# Jahoogy - as my son says



## Lanason (Sep 1, 2009)

I was taken to Carrefour on the Ismailia road tonight for my first big shopping experience. My it's big. Crazy busy but good fun - got some essential supplies, even bought a microwave 

its not far from my place - almost on the way home - things really are getting easier.:eyebrows:

Still feels like the wedding night - honeymoon not even started. Wait till I wake from this dream and reality hits me like a wet fish . . . 
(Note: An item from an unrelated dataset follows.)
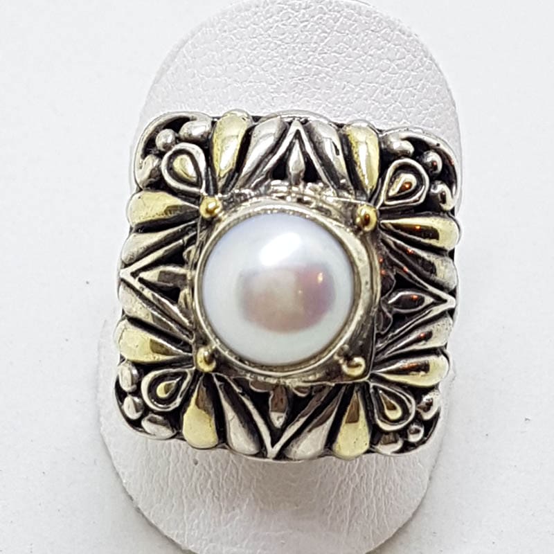 Sterling Silver & Gold Plated Pearl Ornate Square Ring

Maiden - you still on for Friday ??:spit:


----------



## MaidenScotland (Jun 6, 2009)

aqua said:


> I was taken to Carrefour on the Ismailia road tonight for my first big shopping experience. My it's big. Crazy busy but good fun - got some essential supplies, even bought a microwave
> 
> its not far from my place - almost on the way home - things really are getting easier.:eyebrows:
> 
> ...



Yes I will be going Friday, I will be with my maid and a small girl, you will recognise me cos my maid is the most beautiful Filipina girl in Cairo


----------



## Lanason (Sep 1, 2009)

MaidenScotland said:


> Yes I will be going Friday, I will be with my maid and a small girl, you will recognise me cos my maid is the most beautiful Filipina girl in Cairo


Friday it is then - Think I'll wear a red and white hooped rugby shirt . . . . .

Top hat, white gloves and a cane :loco:

ps. you just sent me your 1,000 th post - how sweet


----------



## MaidenScotland (Jun 6, 2009)

aqua said:


> Friday it is then - Think I'll wear a red and white hooped rugby shirt . . . . .
> 
> Top hat, white gloves and a cane :loco:
> 
> ps. you just sent me your 1,000 th post - how sweet




ahhhh I was watching out for my 1,000th post and missed it.
I was going to post somewhere else  but you got lucky lol
If you are wearing a top hat then I must wear my easter bonnet

Maiden


----------



## MaidenScotland (Jun 6, 2009)

Forget to say

There is a DJ in the afternoon plus an irish folk singer in the evening, not that I will be there until the evening 

Maiden


----------